▸ Exercise directions:
Only the pictures should be left out; write out all other data exactly.

▸ Recorded data:
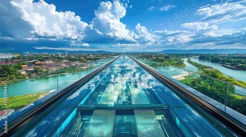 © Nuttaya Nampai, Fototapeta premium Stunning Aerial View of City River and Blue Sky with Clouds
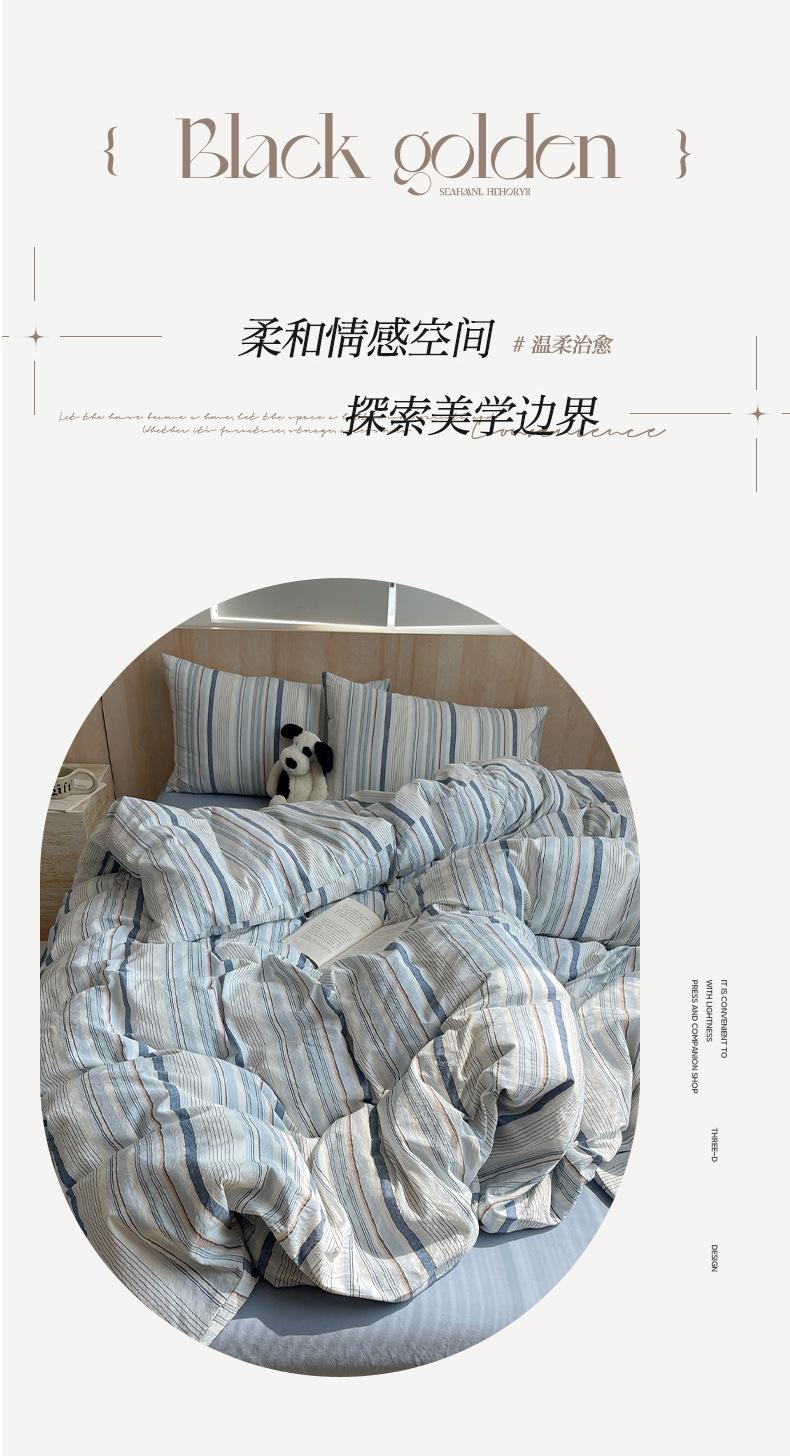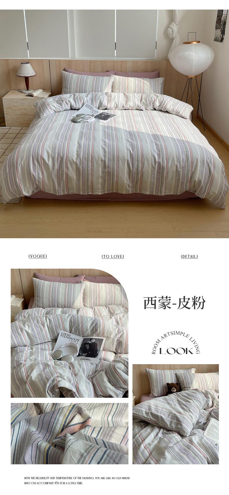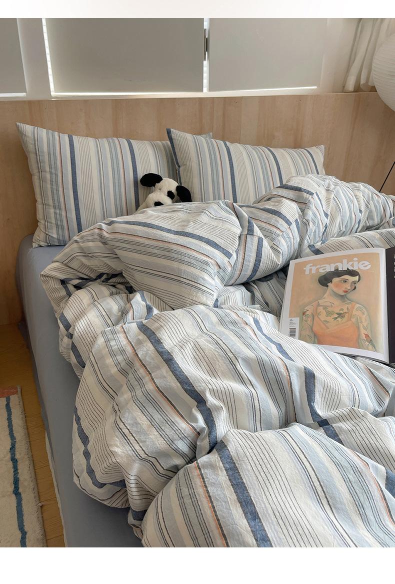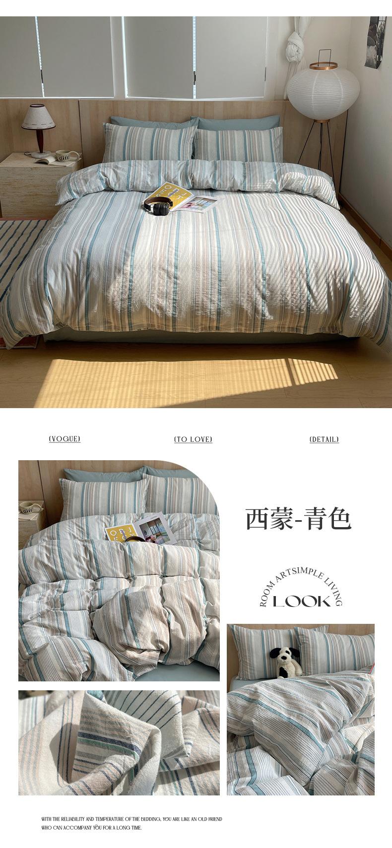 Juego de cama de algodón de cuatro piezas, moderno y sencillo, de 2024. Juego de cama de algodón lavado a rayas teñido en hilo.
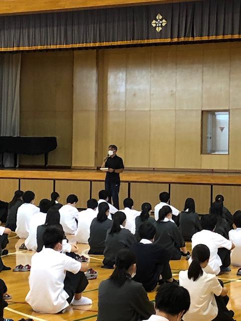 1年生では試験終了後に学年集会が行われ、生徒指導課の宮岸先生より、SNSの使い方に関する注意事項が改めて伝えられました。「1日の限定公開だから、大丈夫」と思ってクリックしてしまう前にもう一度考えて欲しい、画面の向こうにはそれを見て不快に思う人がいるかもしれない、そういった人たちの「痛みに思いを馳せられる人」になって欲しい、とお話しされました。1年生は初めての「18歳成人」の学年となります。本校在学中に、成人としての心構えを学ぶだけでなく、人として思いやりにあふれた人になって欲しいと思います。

▸ Task solution:
 © Nuttaya Nampai, Fototapeta premium Stunning Aerial View of City River and Blue Sky with Clouds
 Juego de cama de algodón de cuatro piezas, moderno y sencillo, de 2024. Juego de cama de algodón lavado a rayas teñido en hilo.
 1年生では試験終了後に学年集会が行われ、生徒指導課の宮岸先生より、SNSの使い方に関する注意事項が改めて伝えられました。「1日の限定公開だから、大丈夫」と思ってクリックしてしまう前にもう一度考えて欲しい、画面の向こうにはそれを見て不快に思う人がいるかもしれない、そういった人たちの「痛みに思いを馳せられる人」になって欲しい、とお話しされました。1年生は初めての「18歳成人」の学年となります。本校在学中に、成人としての心構えを学ぶだけでなく、人として思いやりにあふれた人になって欲しいと思います。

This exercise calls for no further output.